Вечность падения, но не в пропасть, когда летишь в пространство и твой омерзительный крик цепляется за пустоту.
Это больное, физически больное падение с разбитым лицом
Мой крик множился, и к нему примешивалась истошность женского вопля и визгливого детского плача.
Страшная боль пронзила меня из виска в висок, словно голову мою проткнули тупой, ржавой, зазубренной иглой.
1.
Разбежалась река, да и ударилась с размаху о землю. Разорвалась надвое и омывать ту землю стала. Смирилась не сразу, а потихоньку. Устала. Пришедшие люди нарекли один проток «Медведицей» и верно угадали нрав, потому что медведица — зверь потайной и тихий, до поры.
А другому протоку и названья не дали, потому что и не видно его за ивами да за камышом было.
Людям место понравилось. И лес, хоть и небольшой, и землица есть, под огороды.
И выросло на острове том семь дворов, семь домов. А восьмой бакенщик на самой грудине поставил, на самом разрыве реки могучей.
Мужик невидный, но кряжистый. Дочка при нем. А жены нет, пропала где-то в городе. Ну, да Бог с ней. Дочка вольная уродилась, от природы и водного простора (заразилась?). Веселая, быстрая. Волосы с рыжим отливом, глаза зеленые, лицо тонкое — правильное. В общем, статью не в отца. На голову выше. Словом, сосенка против дуба. (Не знаю сосена или сосенка.) Любили они друг друга, хоть и разные были. Да и разные только так, с виду. Кровь-то внутри (одна) одинаковая лилась. Лучшее время в том месте — августовское было.
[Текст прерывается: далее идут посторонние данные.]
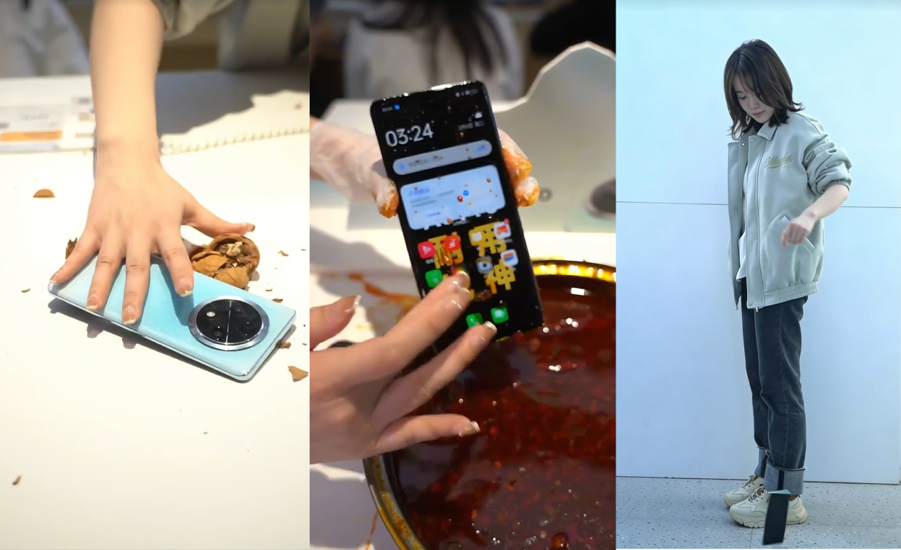 手机砸碎几个核桃,甩出口袋自由落体,浸入红油火锅,拍几条街外的路牌……在南京新街口Suning Max店内,3C顾问引导用户参与实验,感受新款手机的性能提升。参与现场体验的用户纷纷表示,这些实验比理解抗摔等级、防水标准、镜头像素等专业术语,更直观生动,也更有说服力。

Лес горит цветом, стога золотые, земля медная, река зеленая. Вечерами на ней бакенщик огоньки красные да зеленые зажигал. На это все она любила подолгу смотреть.
Смотрит, а сама тихо улыбается, словно музыка прекрасная в ней играет.
Вот за это я их и полюбил. (?)
Бывало, посадит он лодку на цепь, а я уж тут, его дожидаюсь.
— Здравствуйте, — говорю.
— Доброго здоровьица, — отвечает.
А она молчит, музыку свою дослушивает.
Потом очнется. Засмеется тихо и в дом идет.
А идет-то как-то неуверенно, будто впервые земли касается.
Лампу в доме засветит и долго на огонь смотрит. Электричества на той земле не было, обошла цивилизация стороной, за ненадобностью, а потому место это Миглищами называлось.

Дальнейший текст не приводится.